To end these fossil fuel polluter giveaways, federal policymakers should immediately:

  • Remove tax credits, tax breaks, tax refunds, and other government funding and financial assistance for the fossil fuel industry and major industrial users;
  • Remove all loopholes in environmental and other public interest laws and regulations for the fossil fuel industry;
  • Require the fossil fuel industry to pay for the damage it does to health, natural areas, and the climate through financial and regulatory mechanisms, such as risk bonds and contributions to funds set up in advance;
  • Require the fossil fuel industry to pay the costs of fairly and equitably transitioning communities and workers to a post–fossil fuel economy.

There is a lot of momentum to eliminate fossil fuel subsidies and giveaways. President Biden’s American Jobs Plan asks Congress to eliminate all fossil fuel subsidies in the tax code. The President’s Made in America Tax Plan also notes potential taxpayer savings of $35 billion over 10 years by cutting just a few of these tax code giveaways.

Representative Ro Khanna (CA-17) will chair an Earth Day House Oversight Committee Hearing on Thursday to focus attention on a raft of additional subsidies that the fossil fuel industry enjoys, and the disproportionate burden these subsidies impose on BIPOC communities. Several pieces of legislation in both the House and Senate also aim to cut dozens of subsidies. 

This spotlight is encouraging and comes not a moment too soon. Fossil fuel pollution threatens the planet and its people. The days of asking the public, communities, and other businesses to fund this destruction are over.
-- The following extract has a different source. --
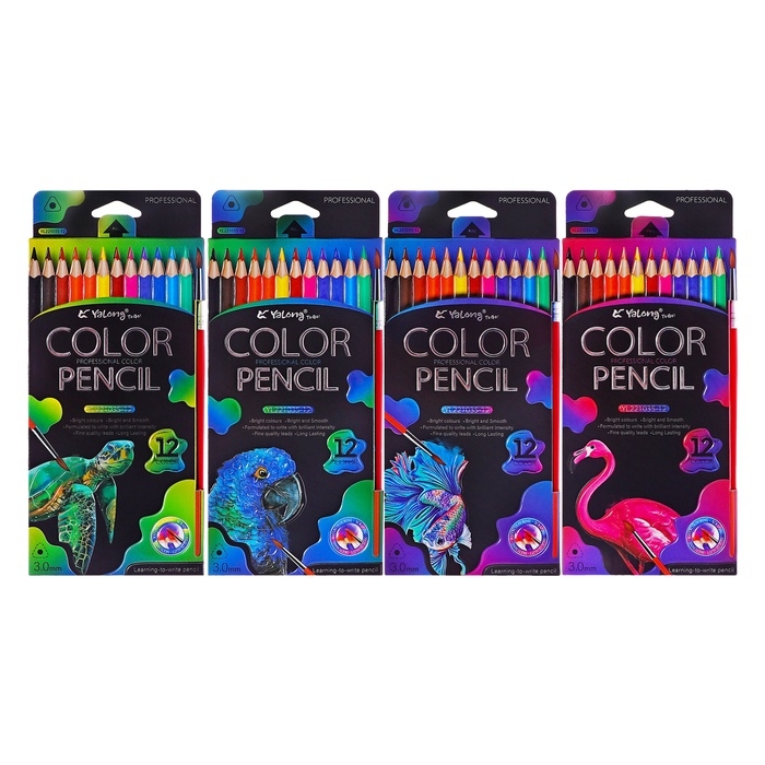 Карандаши акварельные 12 цветов, в картонной коробке, треугольные,дер, с кист,Животные МИКС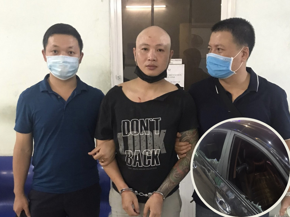 Lực lượng chức năng phải phá cửa kính xe ô tô để vây bắt Nguyễn Văn Sơn. (Ảnh: T.T)

1. A 2015 analysis of federal oil and gas leasing in seven western states found that 25 percent of the acreage was leased at the minimum bid. Center for Western Priorities, “2015 Public Lands Oil and Gas Leasing Tracker,” westernpriorities.org/lease tracker/. See also GAO, GAO-09-74: “Oil and Gas Leasing: Interior Could Do More to Encourage Diligent Development” (October 2008), which found that states and private parties use strategies, such as swiftly escalating rental rates and varying lease terms, to reflect the likelihood of finding oil and gas.